# EXERCISE DIRECTIONS
Transcribe the records below word for word, beginning with the first line and stopping after the line that contains "此次研修活動以兩場精彩的公開"; pictures are not part of the copy.

# DATA SECTION
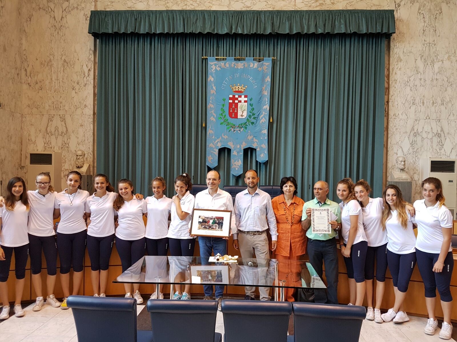 Ieri mattina, sabato 25 giugno, il sindaco di Imperia, Carlo Capacci, e l’assessore allo Sport, Simone Vassallo, hanno ricevuto nella sala consiliare la squadra femminile di pallavolo dell’istituto comprensivo Sauro, che ai campionati studenteschi di Levico Terme ha conquistato il titolo nazionale, imponendosi contro la Puglia 2-0.
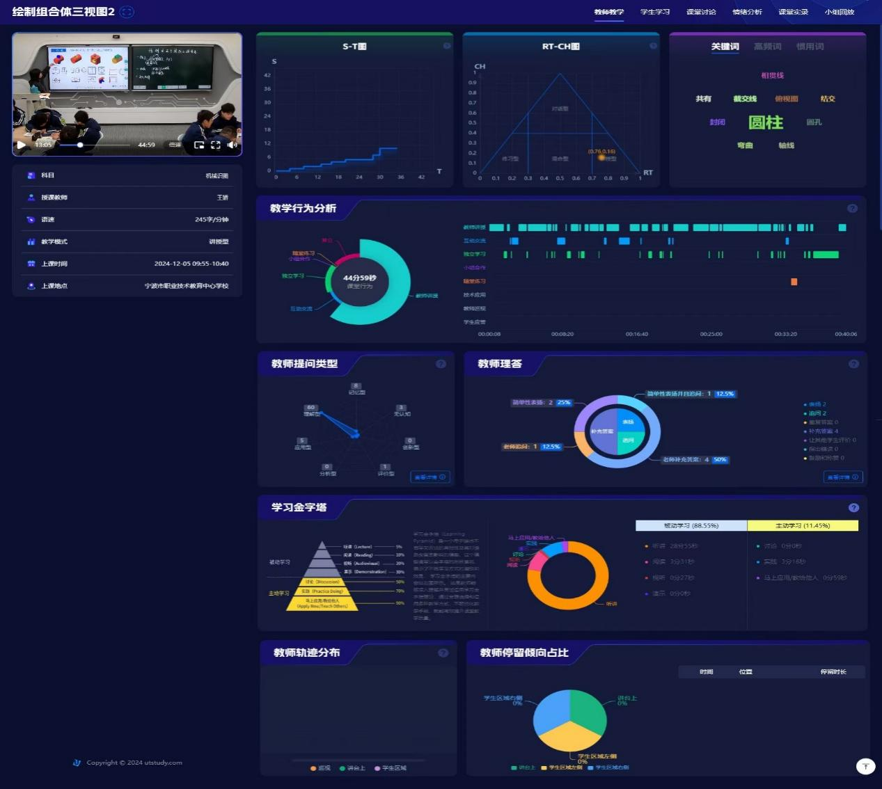 此次研修活動以兩場精彩的公開課開場,俞杰和王嬌兩位老師分別呈現了精彩的公開課展示。俞杰老師以“繪制組合體三視圖”為課題,通過直觀的模型展示和細致的步驟講解,引導學生深入理解并掌握繪制組合體三視圖的技巧。王嬌老師則以“繪制兩正交圓柱相貫線”為課題,巧妙地將理論與實踐相結合,指引學生對知識點進行歸納總結,使學生在實踐中學習到了復雜的幾何知識,兩位老師的教學風格各具特色。課后,參與活動的教師們圍繞授課教師的教學設計、課堂教學過程及教學效果紛紛發表了精彩的點評。本次課程采用的是省編的中高職一體化改革新教材,兩位老師的教學基本功扎實,知識講解清晰到位,得到了評課老師的一致肯定。在評課環節中,基于教學行為大數據的分析輔助結合聽評課專家的意見,在肯定兩位老師教學亮點的同時,也指出了教師的講授時間過多的問題,建議在未來的教學中更多地引導學生自主學習和探索,以培養學生的創新思維和實踐能力。最后評課老師們表示,中高職一體化改革是今后職業教育發展的導向,本次公開課采用新的中高職一體化改革教材進行教學,是一種很有意義的嘗試,同時,大數據分析系統的輔助評課,讓評課更加精準,也能幫助授課老師不斷優化教學設計,精進課堂教學。
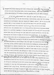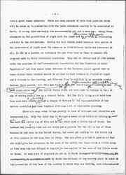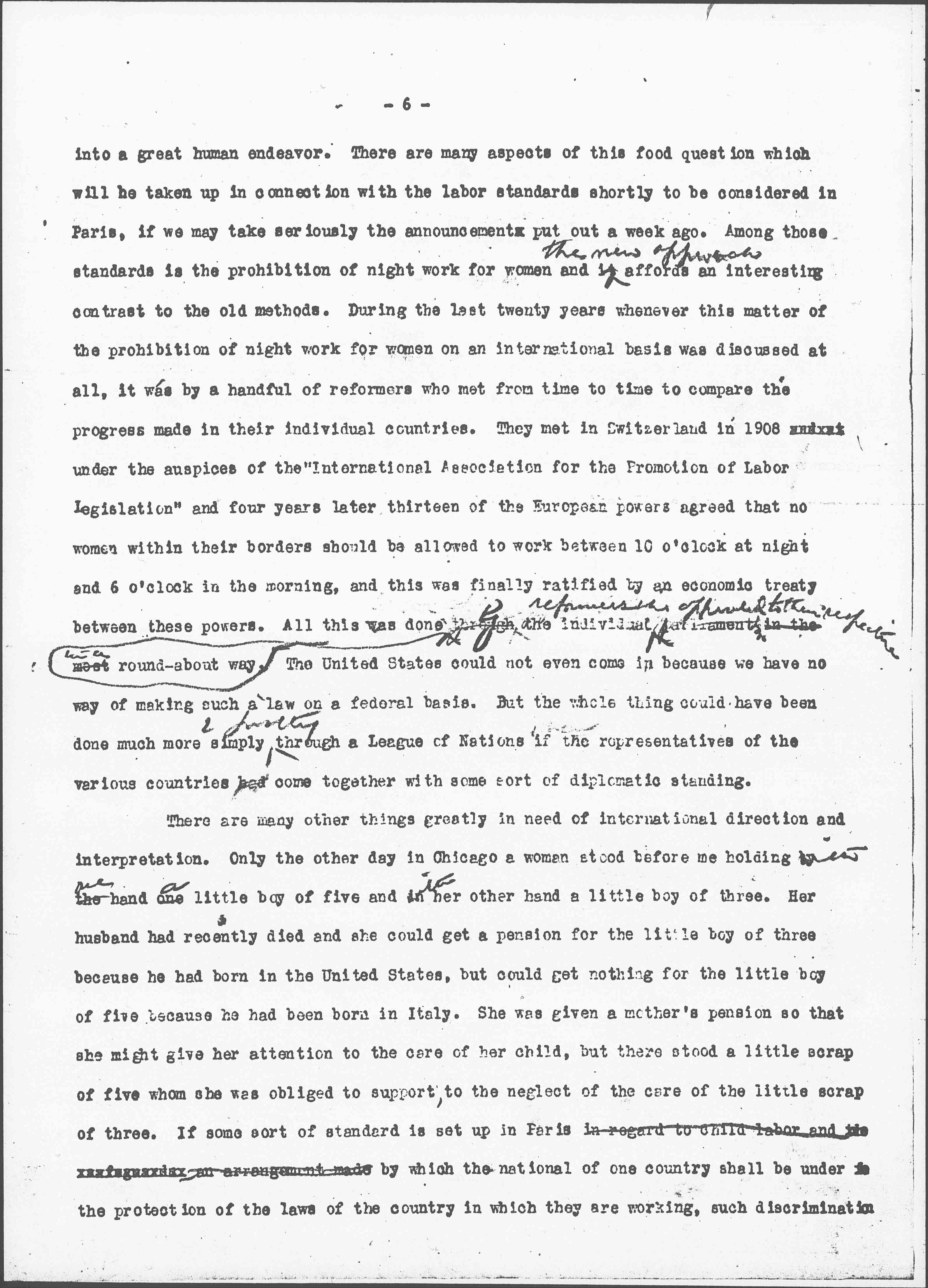 It was this ministration to genuine human need which was lacking in the Peace of 1815 and was also lacking at the meetings held at The Hague in Europe from time to time. There was no great economic and social impulse back of these meetings which swept the diplomatic beyond the old ideas regarding the function of the ↑of↓ state↑craft↓ [page 6] into a great human endeavor. There are many aspects of this food question which will be taken up in connection with the labor standards shortly to be considered in Paris, if we may take seriously the announcement put out a week ago. Among those standards is a prohibition of night work for women and it ↑the new approach↓ affords an interesting contrast to the old methods. During the last twenty years whenever this matter of the prohibition of night work for women on an international basis was discussed at all, it was by a handful of reformers who met from time to time to compare the progress made in their individual countries. They met in Switzerland in 1908 [illegible] under the auspices of the “International Association for the Promotion of Labor Legislation” and four years later thirteen of the European powers agreed that no women within their borders should be allowed to work between 10 o’clock at night and 6 o’clock in the morning, and this was finally ratified by an economic treaty between these powers. All this was done ↑in a↓ round-about way through the ↑by↓ individual ↑reformers who appealed to their respective↓ Parliaments. The United States could not even come in because we have no way of making such a law on a federal basis. But the whole thing could have been done much more simply ↑& [swiftly]↓ through a League of Nations if ↑[illegible]↓ the representatives of the various countries had come together with some sort of diplomatic standing.
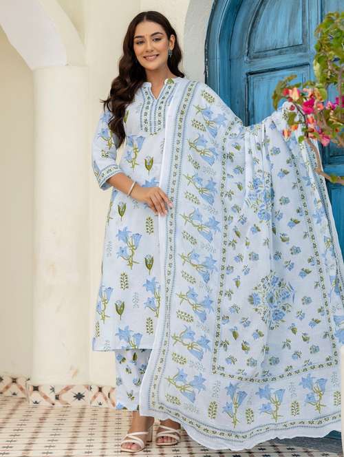 - Find gorgeous sets of ethnic wears in trending designs in blue colors suitable for casual wear of occasions.
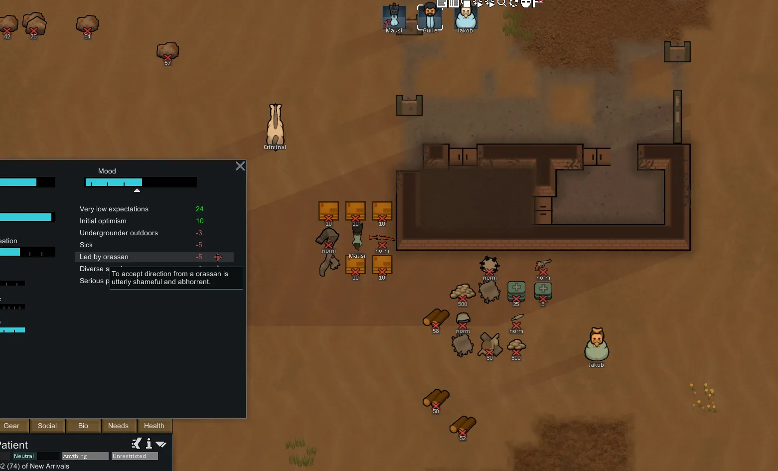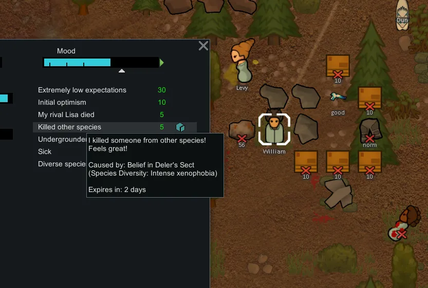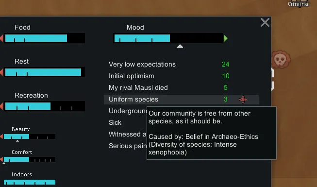 - Positive moodlet if the colony has uniform species (for xenophobes) and negative if there is species diversity. The reverse happens with xenophilia.

# EXERCISE ANSWER
 Ieri mattina, sabato 25 giugno, il sindaco di Imperia, Carlo Capacci, e l’assessore allo Sport, Simone Vassallo, hanno ricevuto nella sala consiliare la squadra femminile di pallavolo dell’istituto comprensivo Sauro, che ai campionati studenteschi di Levico Terme ha conquistato il titolo nazionale, imponendosi contro la Puglia 2-0.
 此次研修活動以兩場精彩的公開課開場,俞杰和王嬌兩位老師分別呈現了精彩的公開課展示。俞杰老師以“繪制組合體三視圖”為課題,通過直觀的模型展示和細致的步驟講解,引導學生深入理解并掌握繪制組合體三視圖的技巧。王嬌老師則以“繪制兩正交圓柱相貫線”為課題,巧妙地將理論與實踐相結合,指引學生對知識點進行歸納總結,使學生在實踐中學習到了復雜的幾何知識,兩位老師的教學風格各具特色。課后,參與活動的教師們圍繞授課教師的教學設計、課堂教學過程及教學效果紛紛發表了精彩的點評。本次課程采用的是省編的中高職一體化改革新教材,兩位老師的教學基本功扎實,知識講解清晰到位,得到了評課老師的一致肯定。在評課環節中,基于教學行為大數據的分析輔助結合聽評課專家的意見,在肯定兩位老師教學亮點的同時,也指出了教師的講授時間過多的問題,建議在未來的教學中更多地引導學生自主學習和探索,以培養學生的創新思維和實踐能力。最后評課老師們表示,中高職一體化改革是今后職業教育發展的導向,本次公開課采用新的中高職一體化改革教材進行教學,是一種很有意義的嘗試,同時,大數據分析系統的輔助評課,讓評課更加精準,也能幫助授課老師不斷優化教學設計,精進課堂教學。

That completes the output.